Entries taken from a collection
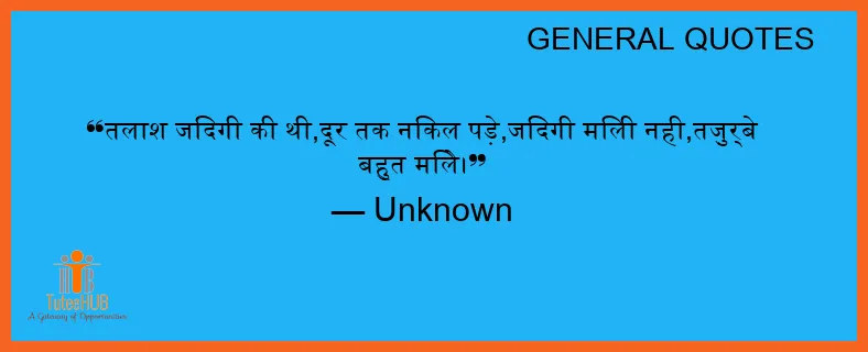 तलाश जिंदगी की थी,दूर तक निकल पड़े,जिंदगी मिली नही,तज़ुर्बे बहुत मिले।
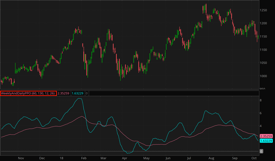Potential trading signals may be found at crossovers of the relative daily PPO line with either of the other PPO lines or crossovers of the PPO lines with the zero level. Looking for divergences of the daily, weekly, or relative PPO from the price plot may also prove useful.
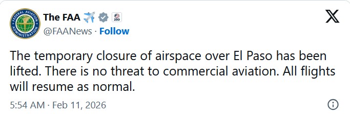 The federal government reopened the airspace over El Paso International Airport in Texas on Wednesday morning following a temporary closure for previously unspecified reasons.
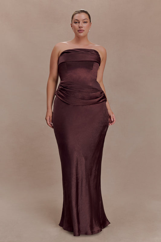 Madison Strapless Slinky Maxi Dress - Chocolate
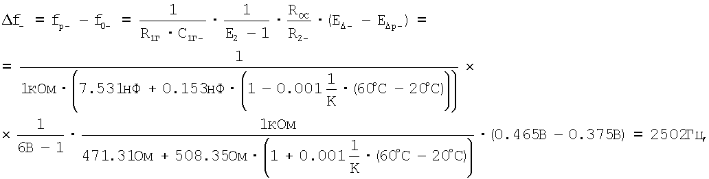 fp- – частота генератора при минимальной рабочей температуре и номинальном значении измеряемого параметра;
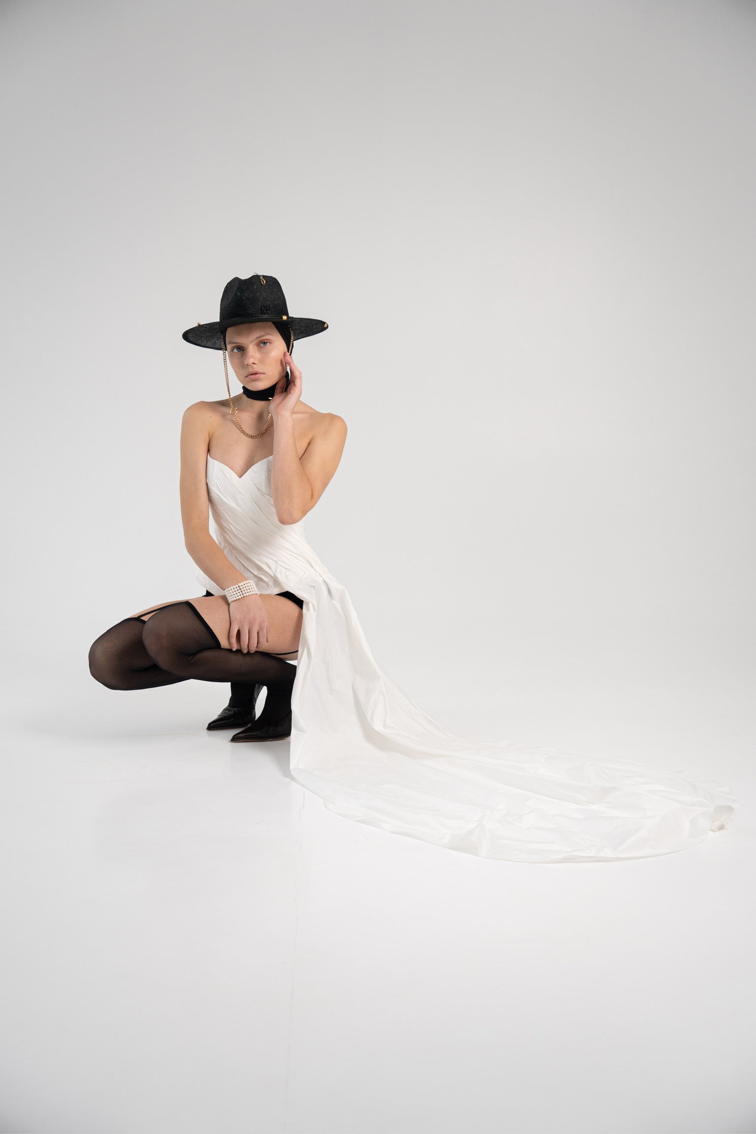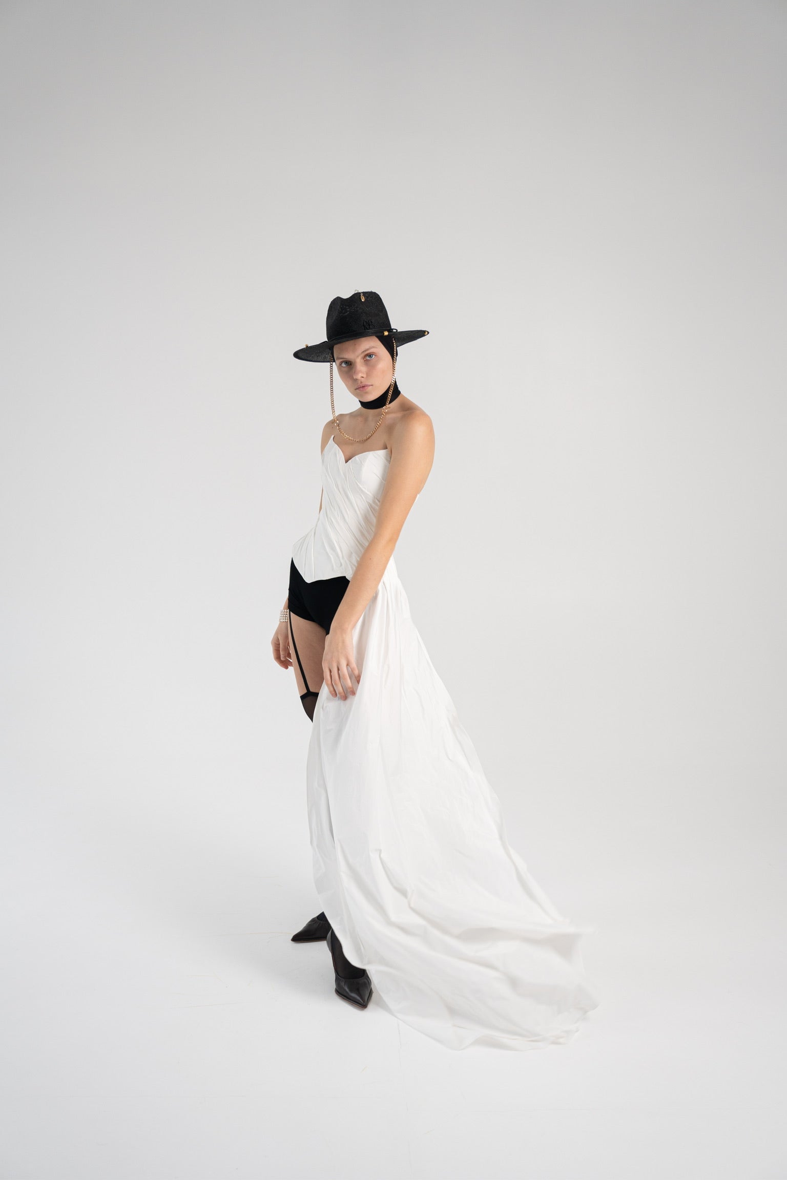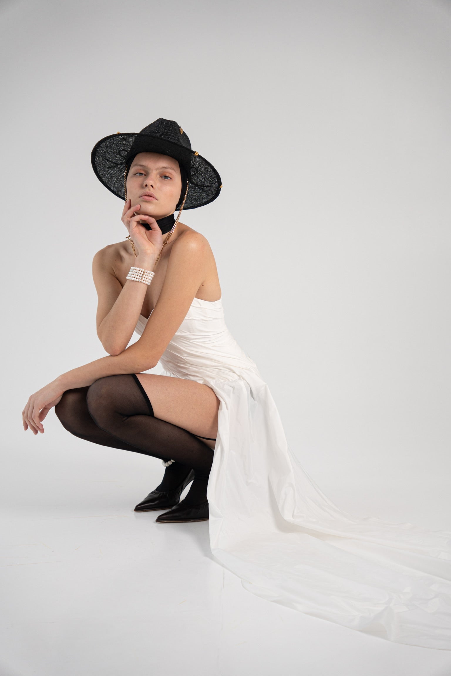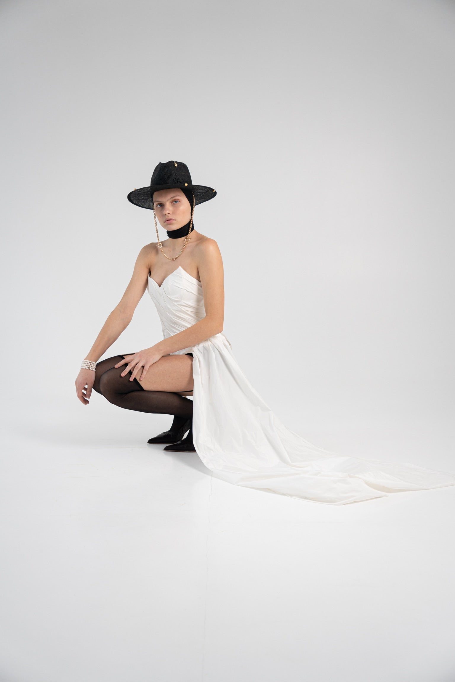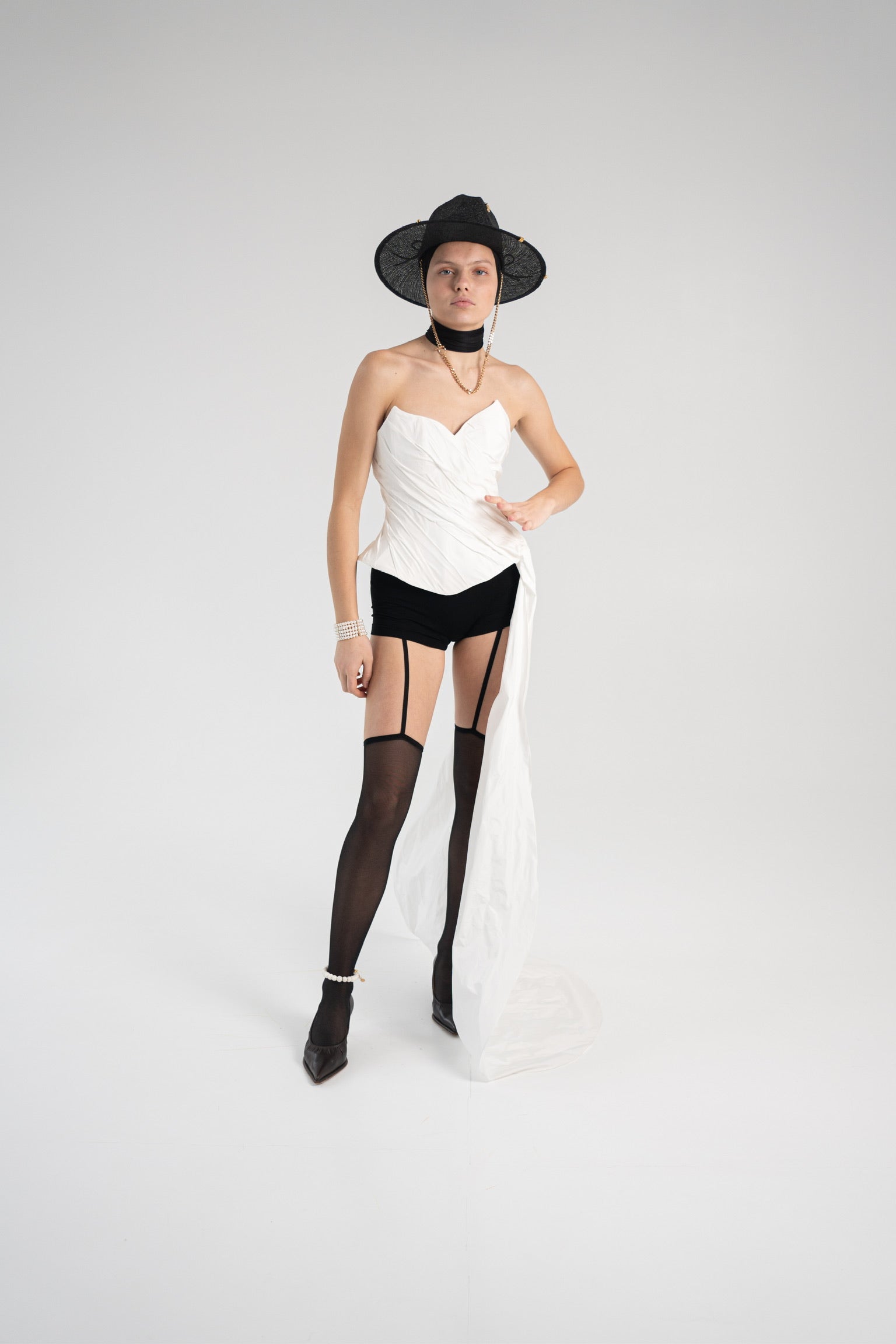 This luxurious black taffeta corset top is a statement piece designed to accentuate the waist and create a dramatic silhouette. The strapless design features structured boning for support and a flattering fit, with a subtle sheen that catches the light beautifully. The piece is adorned with a flowing, elegant tail at the back, adding a touch of grandeur and movement. Perfect for evening events or bold fashion statements, this corset top embodies both sophistication and drama.
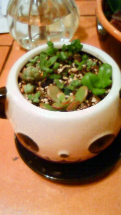 こんばんはまたまた、再登場でーすやっぱり、気が治まらなかった。どうしても赤ちゃん達をちゃんと植えたくて、こんな時間にせっせと作ってしまいました(正確には一時間前には完成してましたが(^^;))会社用です。 結局、これを含めて今日?(昨日?)は5個作りました パンダさんは会社用ですが、かなり小さいので少し落ち着いたらもって行く予定です残りの2個は不恰好なやつばかりを集めた、親苗なので、また今後の赤ちゃん待ちです。しかし、多肉さん達は何度見ても飽きないですよねtemplate:まりもん×photgraph:Vacant lot?
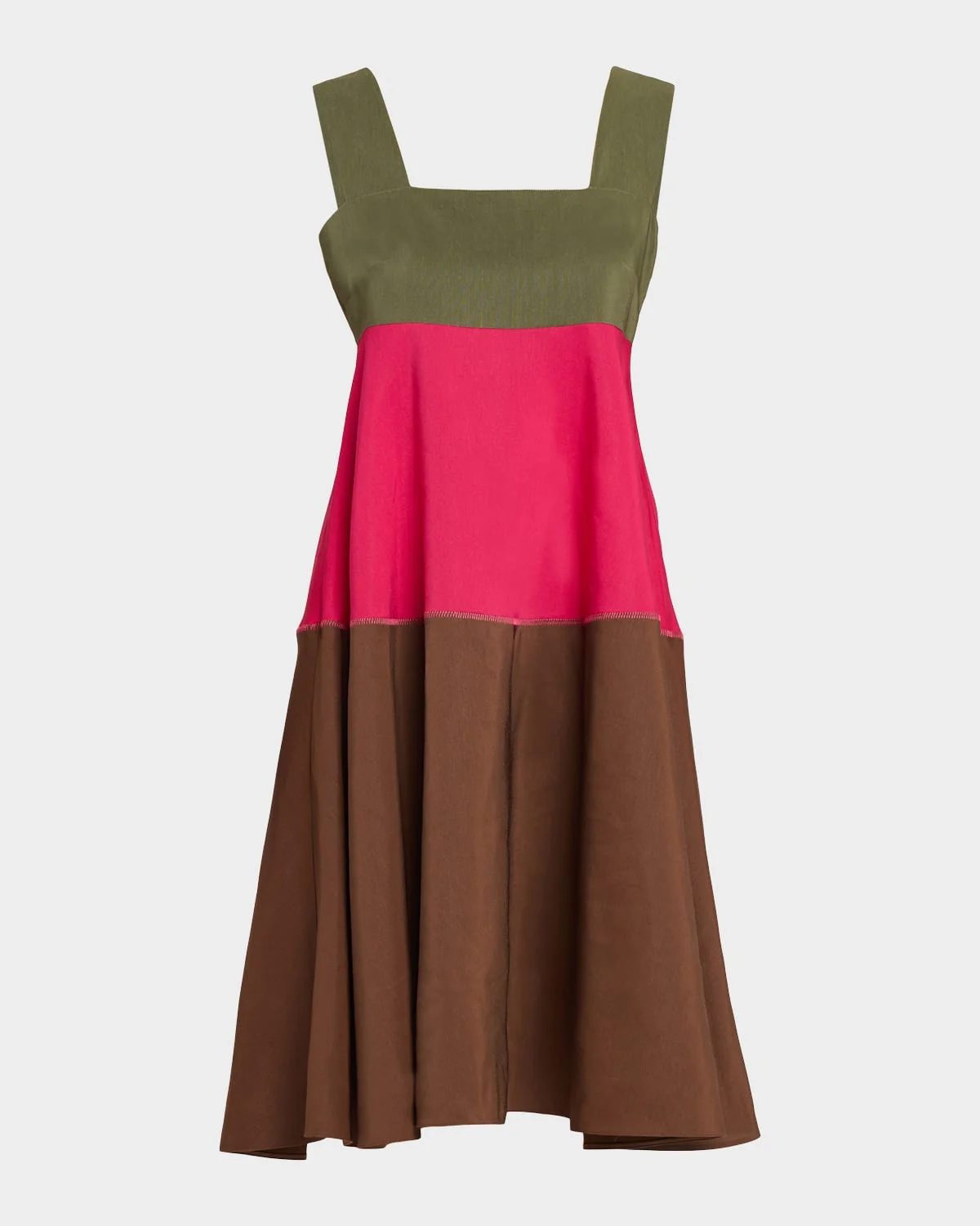 This dress from Marni features an empire silhouette with a tiered colorblocking and a leather logo tab on the back Square neckline Sleeveless Empire waist A-line silhouette Knee length Invisible side zip Ramie/viscose Do not iron Made in Italy SIZE & FITModel measurements: 5 & apos;10" tallModel is wearing a US size 4/Small

> **TASK DETAILS**:
What you write out is the stretch of entries from the line containing "The federal government" to the line containing "fp- – частота", word for word, with both end lines and no pictures.

> **ANSWER SECTION**:
 The federal government reopened the airspace over El Paso International Airport in Texas on Wednesday morning following a temporary closure for previously unspecified reasons.
 Madison Strapless Slinky Maxi Dress - Chocolate
 fp- – частота генератора при минимальной рабочей температуре и номинальном значении измеряемого параметра;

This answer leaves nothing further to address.